Una familia verdaderamente ejemplar.
Pasados
los primeros tiempos del negocio el comportamiento de Enrique no era regular.
Una mañana vino el Sr. Brugués preguntando por él. Habían camiones cargados con
bombonas que había que descargar y no podían entrar por estar la fábrica
cerrada y él tenía las llaves. Había salido de casa a la hora acostumbrada; yo
no sabía ni podía, por tanto, decir más. El Sr. Brugués se marchó desconcertado
y yo quedé sufriendo pues no comprendía a qué podía deberse un retraso tan
importante. No he sabido nunca qué pasó. Lo cierto es que estas anomalías se
repitieron con frecuencia hasta que supe que iba a la India junto con tres más,
a un congreso de Teosofía. Si encontraba trabajo nos mandaría a buscar, y si
no, regresaría en un máximo de diez días. Y que a final de mes fuese a cobrar
la mensualidad al Sr.
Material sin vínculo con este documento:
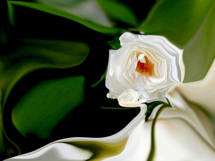 Witte roos is een zeer fijn uitegevoerd abstract in een groene ondergrond. De afbeelding is afgedrukt op plexiglas in het formaat 80x60cm.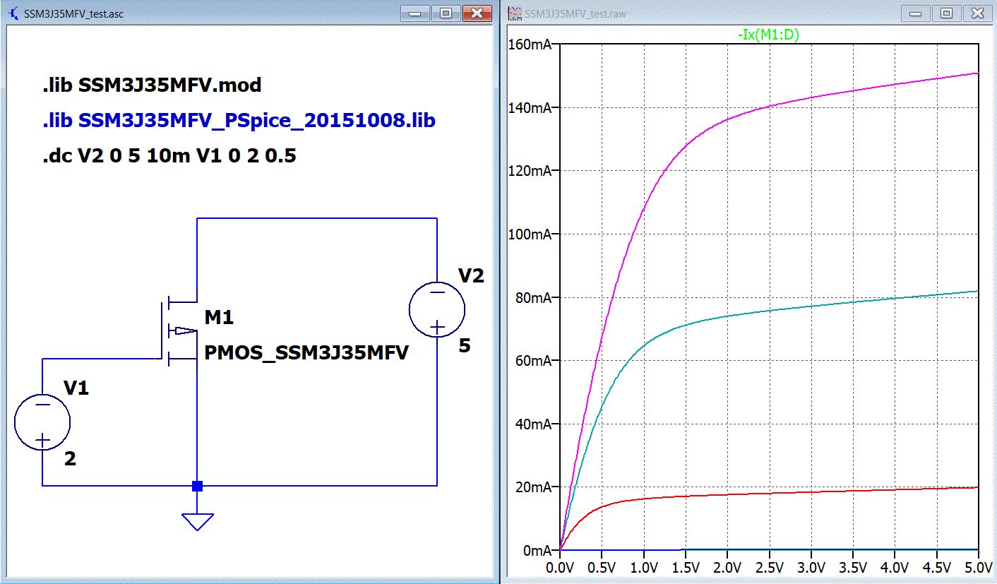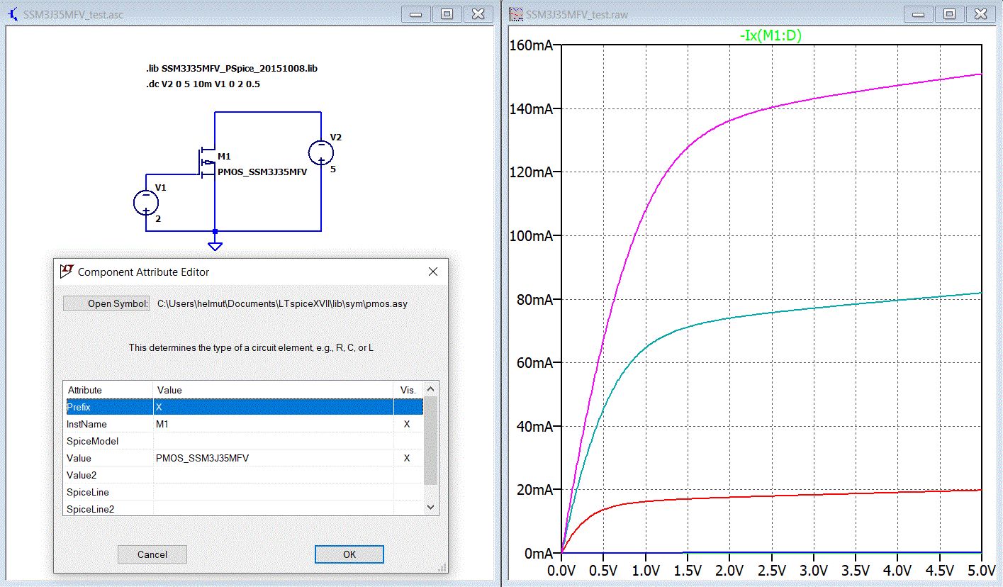 Hallo D. T., Hier mal ein fertiges Beispiel im Anhang. Anleitung --------- Platziere einen pmos CTRL-Rechtsklick auf den platzierten Mosfet In dem Dialog-Fenster Prefix:MP zu Prefix:X ändern, OK. An dem platzierten Mosfet den Wert pmos durch den Namen des subcircuits ersetzen. PMOS_SSM3J35MFV Eien SPICE-Directive hinzufügen. .lib SSM3J35MFV_PSpice_20151008.lib Fertig. Die Datei SSM3J35MFV_PSpice_20151008.lib immer in das Verzeichnis des Schaltplanes kopieren.

Brugués, que ya habían quedado así.
Esperé
algo más; pero no venía él ni habían noticias tampoco. Inquieta y algo
perturbada me personé al despacho del Sr. Brugués. Se sorprendió al verme y,
con aquella sencillez propia de su gran humanidad, me preguntó:
“¿Qué
hay, Onésima?”.
Yo
no sabía cómo, por dónde empezar. La cuestión es que abordé el problema.
El
más visible asombro se reflejó en el rostro del amigo.
“¿Cómo?-
exclamó - ¿Qué viniera Vd. a cobrar y que había quedado así conmigo? Yo le
dije- continuó - ¿Has pensado en cómo queda tu esposa?. Lo tengo todo resuelto,
contestó”.
Supongo
que en aquel momento los dos sufríamos con igual intensidad aunque en
posiciones distintas.
“No
se apure, Onésima. yo he aguantado el negocio, he pagado a los trabajadores aún
sin trabajar, durante cuatro meses. No puedo continuar por más tiempo en esta
situación. Pase d. por casa, venga a comer, y hablaremos con tranquilidad”.
Trató
de animarme tanto como pudo y, a la mañana siguiente acudí a su casa. Fui
acogida con reconfortante cariño. Sacó las cuentas y, pagados todos los gastos,
7000 pesetas que quedaban las volcó de la caja y me las entregó a mí. “Cuente
Vd. siempre con nuestro apoyo. Él, que no vuelva”.
Volvía
a mi el recuerdo del día que marchó. Le acompañamos al aeropuerto. Nos
despedimos. Mientras él seguía despidiéndose de los amigos, besé su abrigo; él
no se dio cuenta. Pero cuando subió al avión, cuando se cerró la puerta, cuando
emprendió el vuelo, sin querer salió de mi garganta un grito tenue, tímido,
pero en extremo doloroso, a la vez que algo en mí decía: ¡No nos veremos más!.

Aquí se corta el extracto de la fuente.